Gersht’s stills of flowers- frozen with nitrate, blown to pieces by pyrotechnics- have a steely delicacy and a brittle preciousness, as if transmorphed into porceline simulacras of themselves. Gersht images them suspended in an evocative and painterly foreboding fog, lending them a certain lugubrious vulnerability and romanticism. They unfold as macrocosmically omniscient visions in microcosmic instances. Like Ansel Adams, Gersht finds a galaxy in a reflective pool, an interstellar universe imploding and recreated within a twinkling vase of flowers, in the blink of an eye, or the hold of a breath.

 

I am instantly reminded of Northern Renaissance “Pronk” still lives, for their prodigious verisimilitude and ostentatious display of wealth. But perhaps a more apt comparison is the contemplative mysticism of Juan Sanchez Cotan’s monastically austere works from the Spanish Baroque. Gersht’s images are, in fact, quite revelatory; displaying a liminal reality imperceptible to mundane human consciousness. Gersht’s title, “Time Folds,” is quite apropos in that the typical progression of time is disrupted, re-ordered and recontextualized, allowing visual secrets to be conjured from dusky darkness, the void of unknowing, an evanescent expanse. As Walter Benjamin theorized in the “Optical Unconscious,” Gersht uses photography in a meditative fashion to unearth the “full potentiality of perception.” Or, as Descartes described, “In order to be more perfect as images and better to represent an object, they ought not to resemble it.”

 

Of course mimetic quality and the nature of reality/illusionism has long since been a primary concern within the canon of Western art- and I can’t help but read Gersht’s terrorism upon the seemingly innocuous genre of the still life as a subtly transgressive Duchampian move- a slightly more ominous, yet still playful mustache painted on the Mona Lisa. In a circumspect gesture, he literally “blows away” the artifice of the flowers; icons of prosperity, fruitfulness, and aesthetic beauty; a stand-in for Western art as a whole, or at least the problematic mask behind which it hides. In this sense perhaps they are closer to dissimulations, subverting their own heightened realism by calling attention to the cheery façade, the interventative act, and thus questioning the nature of object and referentiality as such.
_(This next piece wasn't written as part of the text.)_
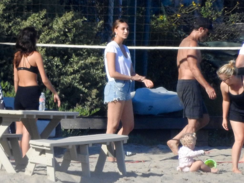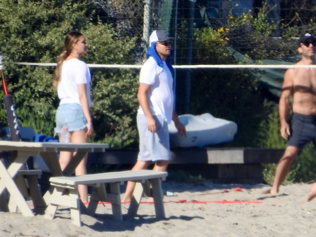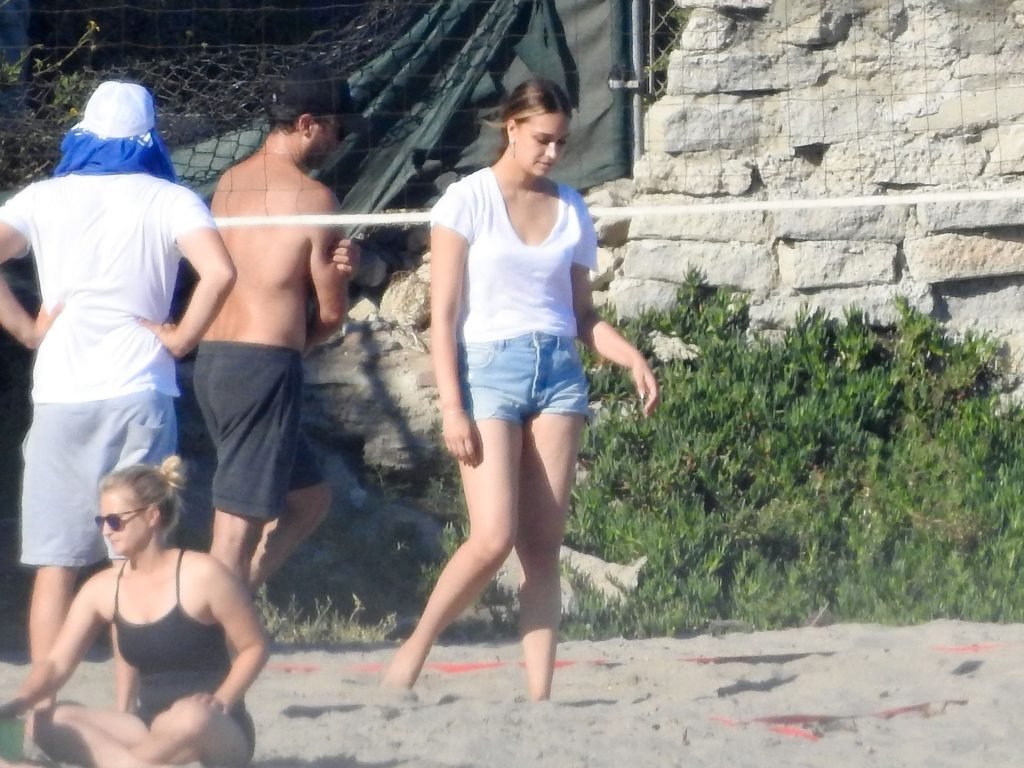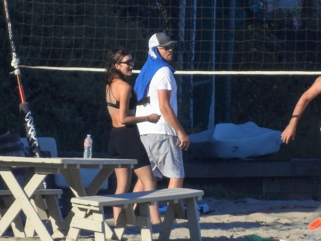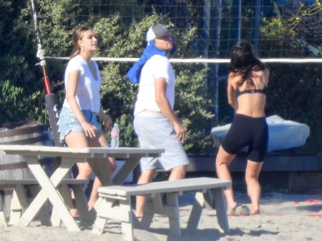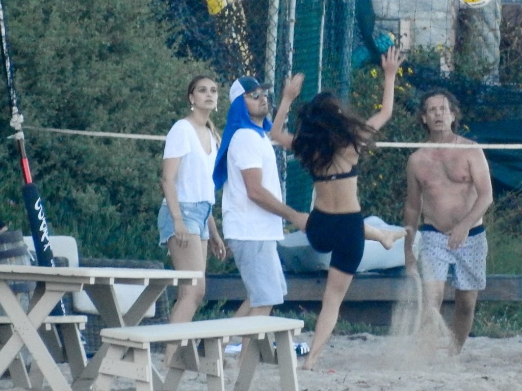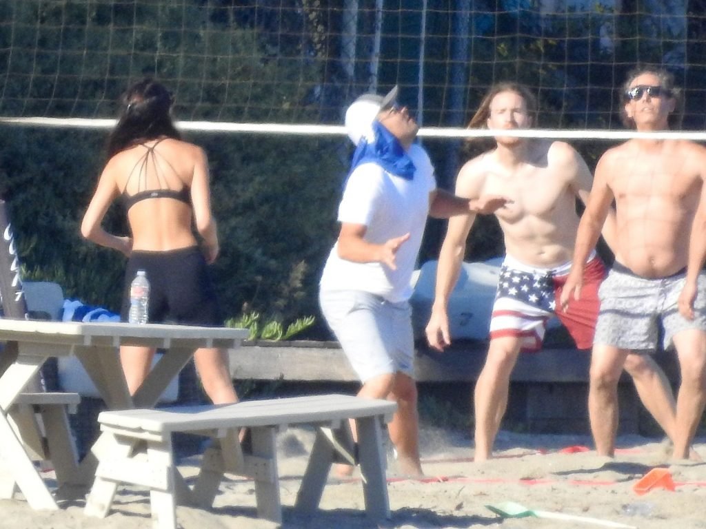 Ganador del Premio de la Academia Leonardo DiCaprio, su sexy novia Camila Morrone, y el dúo de A-listers Robin Thicke y April Love Geary, junto con sus pequeños, fueron vistos disfrutando uno de los deportes de playa favoritos de Leo este fin de semana, ¡un juego de voleibol! Fotografiado el 14/07/19.
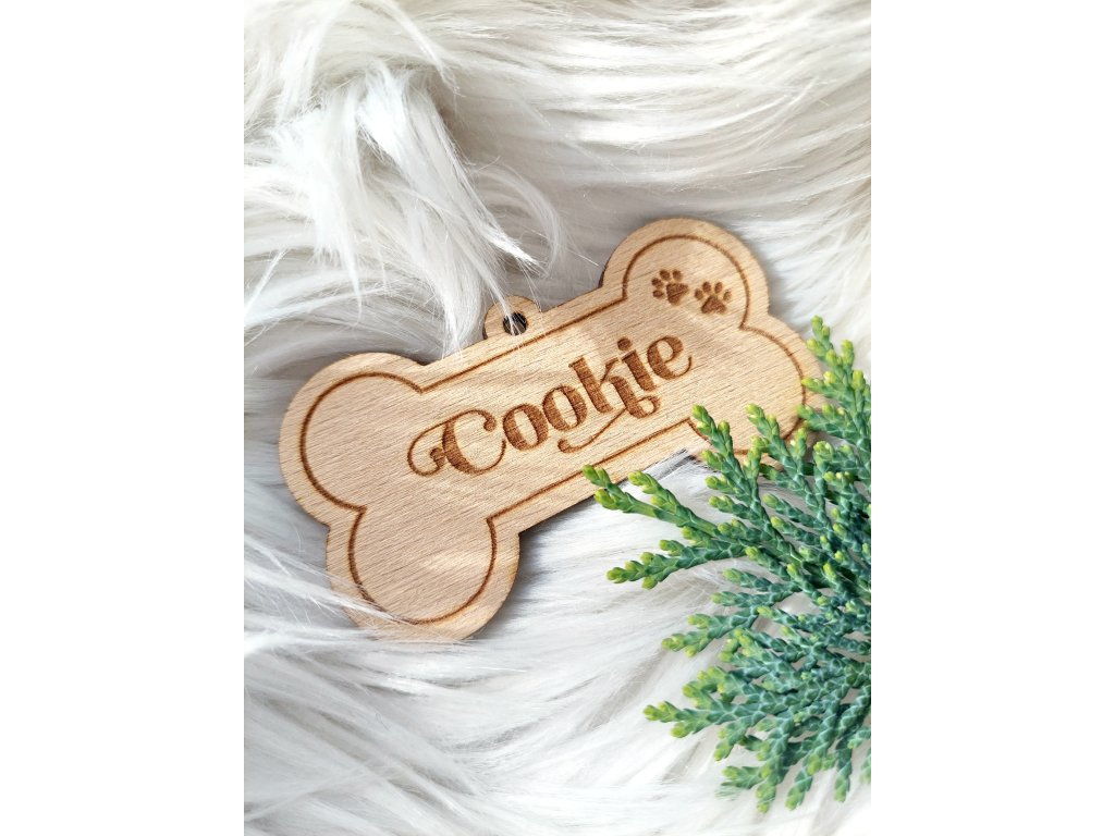 Personalizovaná vánoční ozdoba ze dřeva se jménem vašeho čtyřnohého miláčka – krásná, prakticky nerozbitná dekorace na stromeček.

In a circuitous fashion, Gersht calls attention to buried collective memories, subverted histories of violence, massacre and deceit that lurked behind such lusciously magnanimous visions. Without the masses of slave labor the landed elite “employed,” images of such ample luxury and easy leisure would not have been possible.

 

Fittingly, Gersht claims the images are inspired by Henry Fantin-Latour’s flower paintings- charming glimpses at seemingly impeccant arrangements. During Victorian times, however, flowers embodied a highly regulated language of color and form to convey sentiments that men and women could not openly express, due to social mores.  Whether amaranth for immortal love, or marigolds for pain and grief, flowers sent embedded messages to the recipient. Coincidentally, Gersht’s flowers are depicted in the nationalistically nuanced palette of red, white and blue. Furthermore, his video “Blow Up” features the wail of Israeli sirens played at dawn and dusk on Holocaust and Memorial Day- traditionally functioning as a call to remembrance. In our contemporary society’s current anxious clime, perhaps Gersht’s fracturing flowers are sending a subtly coded message to the “secret public” of those who question domination and its tendency towards propagandistic re-visions of harrowing realities.